What is content? Content can be many things, a file, video, picture, backup, a website feature. When we talk about content discovery, we’re not talking about the obvious things we can see on a website; it’s the things that aren’t immediately presented to us and that weren’t always intended for public access.

This content could be, for example, pages or portals intended for staff usage, older versions of the website, backup files, configuration files, administration panels, etc.

There are three main ways of discovering content on a website which we’ll cover. Manually, Automated and OSINT (Open-Source Intelligence).

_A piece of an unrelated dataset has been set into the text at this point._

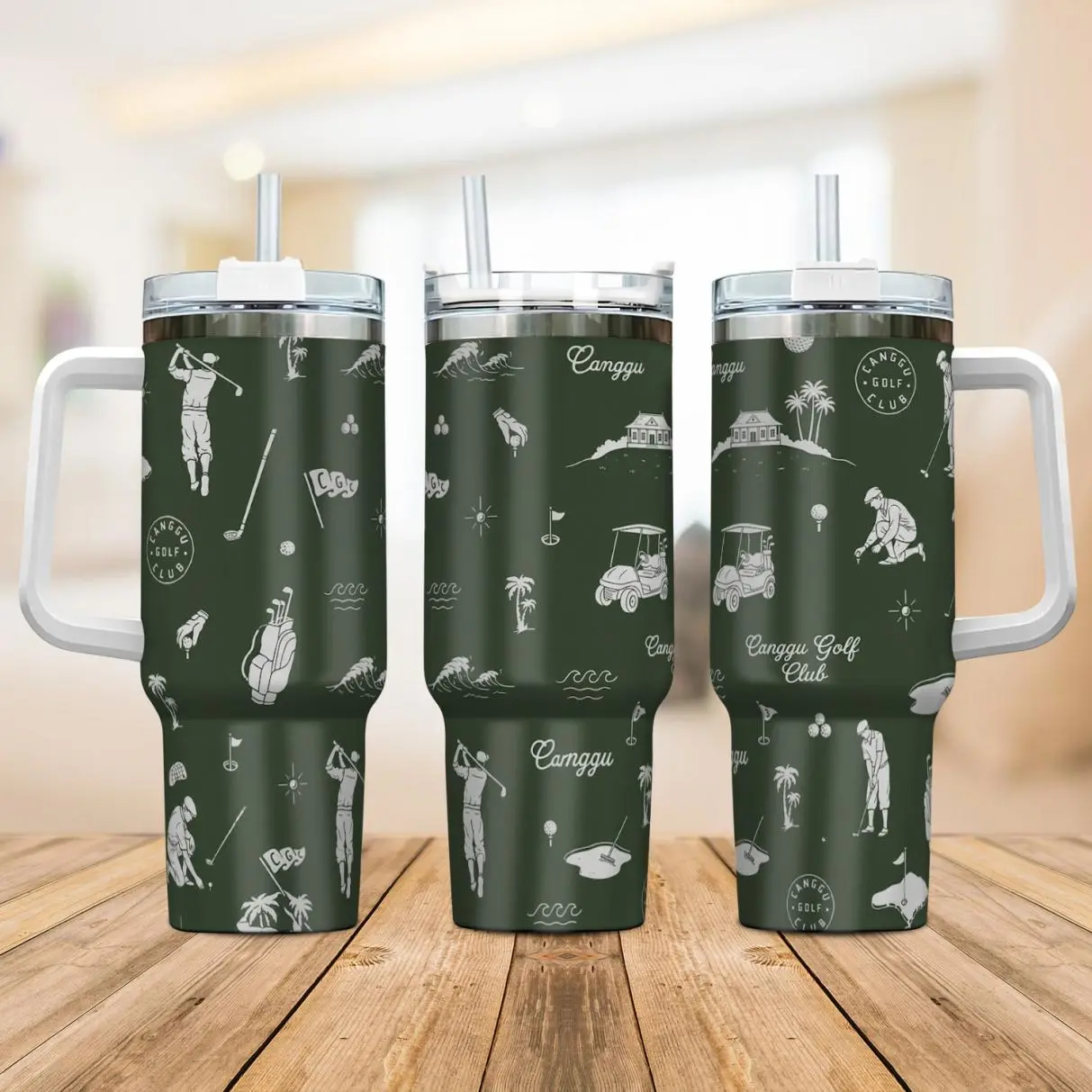 Canggu Bali Golf Club Tumbler 40oz, Golf Lover Travel Mug with Handle and Straw, Insulated Cup for Golf Enthusiasts

Manual Discovery – Robots.txt


The robots.txt file is a document that tells search engines which pages they are and aren’t allowed to show on their search engine results or ban specific search engines from crawling the website altogether. It can be common practice to restrict certain website areas so they aren’t displayed in search engine results. These pages may be areas such as administration portals or files meant for the website’s customers. This file gives us a great list of locations on the website that the owners don’t want us to discover as penetration testers.

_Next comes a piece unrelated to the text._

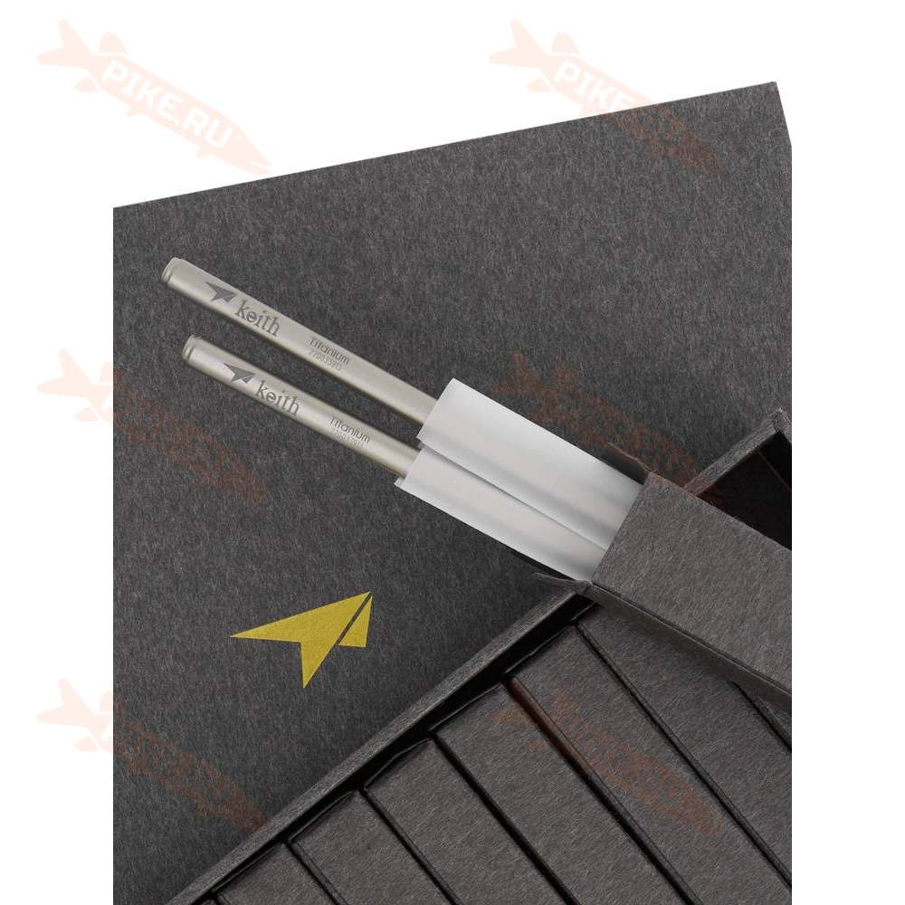 Набор титановых палочек с квадратной ручкой Keith Titanium Ti5636 изготовлен из титана марки TA1 с чистотой 99,9%, без примесей и дополнительного покрытия, включает в себя 10 пар палочек. Титан не имеет привкуса и запаха, материал нетоксичен, подходит для мытья в посудомоечной машинке. Первоначально разработанный для походов, кемпинга и путешествий, титан также отлично подходит для проведения пикников, использования дома и в офисе. Материал сверхлёгкий и сверхпрочный, экологически чистый, безопасный для людей, блокирующий распространение бактерий. Он гипоаллергенен и обладает высокой устойчивостью к коррозии.

Unlike the robots.txt file, which restricts what search engine crawlers can look at, the sitemap.xml file gives a list of every file the website owner wishes to be listed on a search engine. These can sometimes contain areas of the website that are a bit more difficult to navigate to or even list some old webpages that the current site no longer uses but are still working behind the scenes.

HTTP Headers

When we make requests to the web server, the server returns various HTTP headers. These headers can sometimes contain useful information such as the webserver software and possibly the programming/scripting language in use. In the below example, we can see the webserver is NGINX version 1.18.0 and runs PHP version 7.4.3. Using this information, we could find vulnerable versions of software being used. Try running the below curl command against the web server, where the -v switch enables verbose mode, which will output the headers (there might be something interesting!).

OSINT – Google Hacking / Dorking

Google Hacking / Dorking

Google hacking / Dorking utilizes Google’s advanced search engine features, which allow you to pick out custom content. You can, for instance, pick out results from a certain domain name using the site: filter, for example (site:target.com) you can then match this up with certain search terms, say, for example, the word admin (site:target.com admin) this then would only return results from the target.com website which contain the word admin in its content. You can combine multiple filters as well. Here is an example of more filters you can use:

sitesite:target.comreturns results only from the specified website address
inurlinurl:adminreturns results that have the specified word in the URL
filetypefiletype:pdfreturns results which are a particular file extension
intitleintitle:adminreturns results that contain the specified word in the title

More information about google hacking can be found here: https://en.wikipedia.org/wiki/Google_hacking


Wappalyzer (https://www.wappalyzer.com/) is an online tool and browser extension that helps identify what technologies a website uses, such as frameworks, Content Management Systems (CMS), payment processors and much more, and it can even find version numbers as well.

Wayback Machine

The Wayback Machine (https://archive.org/web/) is a historical archive of websites that dates back to the late 90s. You can search a domain name, and it will show you all the times the service scraped the web page and saved the contents. This service can help uncover old pages that may still be active on the current website.

Automated Discovery

What is Automated Discovery?

Automated discovery is the process of using tools to discover content rather than doing it manually. This process is automated as it usually contains hundreds, thousands or even millions of requests to a web server. These requests check whether a file or directory exists on a website, giving us access to resources we didn’t previously know existed. This process is made possible by using a resource called wordlists.

What are wordlists?

Wordlists are just text files that contain a long list of commonly used words; they can cover many different use cases. For example, a password wordlist would include the most frequently used passwords, whereas we’re looking for content in our case, so we’d require a list containing the most commonly used directory and file names. An excellent resource for wordlists that is preinstalled on the THM AttackBox is https://github.com/danielmiessler/SecLists which Daniel Miessler curates.

Automation Tools

Although there are many different content discovery tools available, all with their features and flaws, we’re going to cover three which are preinstalled on our attack box, ffuf, dirb and gobuster.

Using ffuf:


[email protected]$ ffuf -w /usr/share/wordlists/SecLists/Discovery/Web-Content/common.txt -u http://target.com/FUZZ

Using dirb:


[email protected]$ dirb http://target.com/ /usr/share/wordlists/SecLists/Discovery/Web-Content/common.txt

Using Gobuster:


[email protected]$ gobuster dir --url http://target.com/ -w /usr/share/wordlists/SecLists/Discovery/Web-Content/common.txt

Using this information we gather we can find confidential files, server IP’s ,etc. Which can cause Information Disclosure Vulnerability for company.